# TASK INSTRUCTIONS:
Before copying, set the pictures aside; then repeat every line below verbatim.

# DATA BELOW:

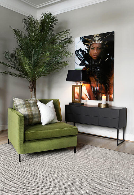 Den här modulen är en 1-sits 90 cm. Kan användas fritt som en stilren fåtölj eller kombineras med fler delar för att bygga en soffa.
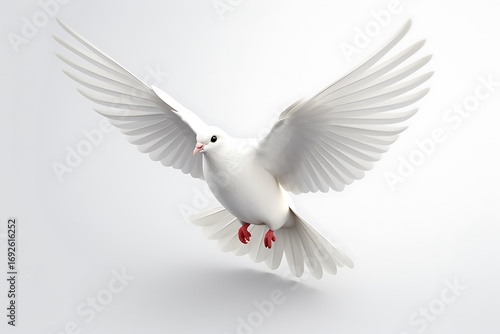 A graceful white dove soaring through the air with outstretched wings, symbolizing peace
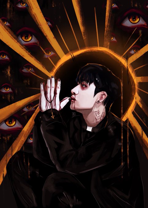 TW BLOOD heres my piece in the #skzemozine !!! i really like this piece hehehe i might already own print stock for it 👁️👅👁️ -- #skzfanart @emoskzzine #Straykidsfanart #StrayKids #minsung @Stray_Kids
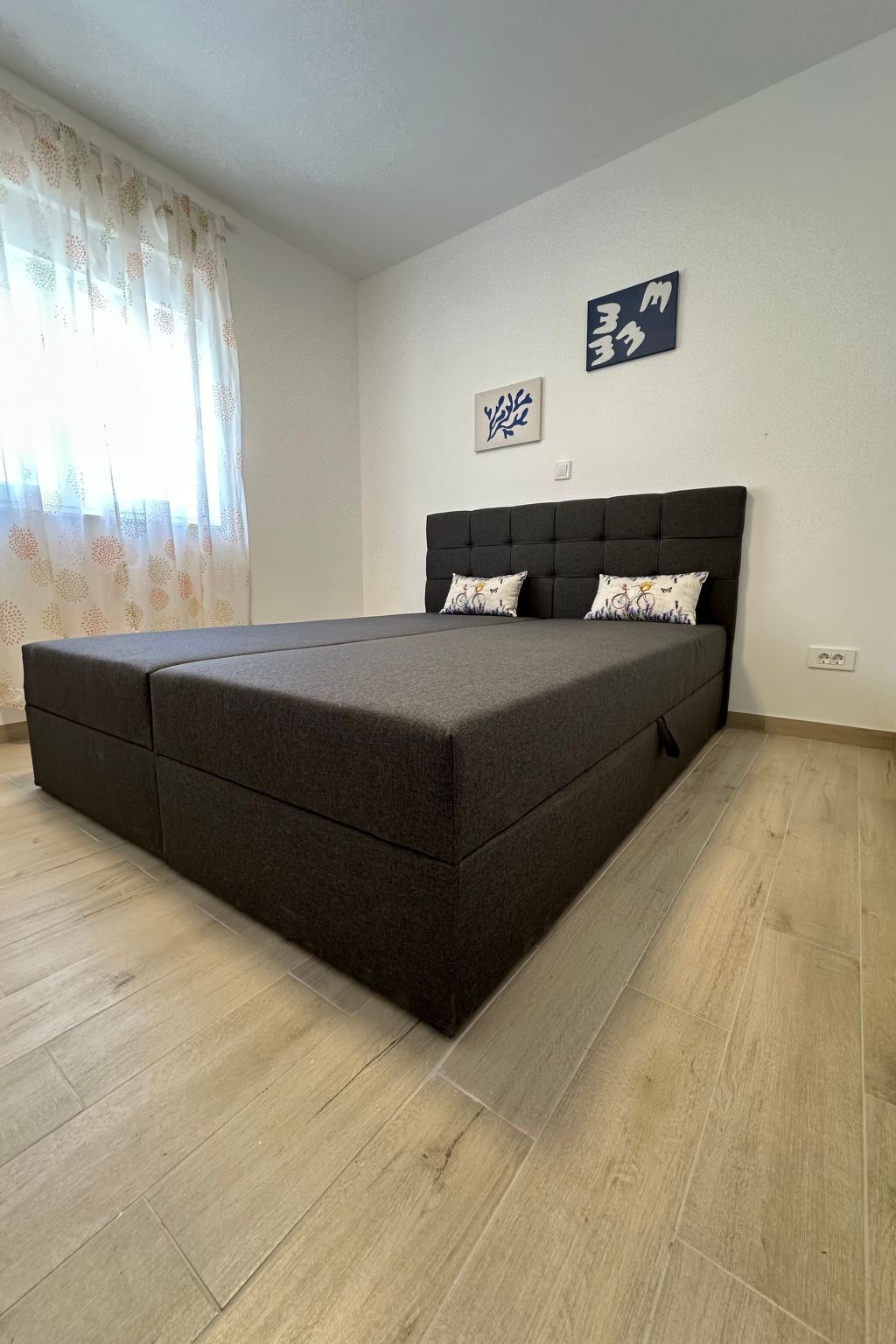 Uitstekend uitgerust strand met waterpark in Vodice. Gratis openbare douches en kleedhokjes. Verhuur van alles wat je maar kunt bedenken, om plezier te hebben aan zee (van waterfietsen tot kano's, tot parachutes getrokken door motorboten, tot bananen, enz.) en voor de kleintjes, maar niet alleen, enorme springkussens direct aan zee.

# WRITTEN ANSWER:
 Den här modulen är en 1-sits 90 cm. Kan användas fritt som en stilren fåtölj eller kombineras med fler delar för att bygga en soffa.
 A graceful white dove soaring through the air with outstretched wings, symbolizing peace
 TW BLOOD heres my piece in the #skzemozine !!! i really like this piece hehehe i might already own print stock for it 👁️👅👁️ -- #skzfanart @emoskzzine #Straykidsfanart #StrayKids #minsung @Stray_Kids
 Uitstekend uitgerust strand met waterpark in Vodice. Gratis openbare douches en kleedhokjes. Verhuur van alles wat je maar kunt bedenken, om plezier te hebben aan zee (van waterfietsen tot kano's, tot parachutes getrokken door motorboten, tot bananen, enz.) en voor de kleintjes, maar niet alleen, enorme springkussens direct aan zee.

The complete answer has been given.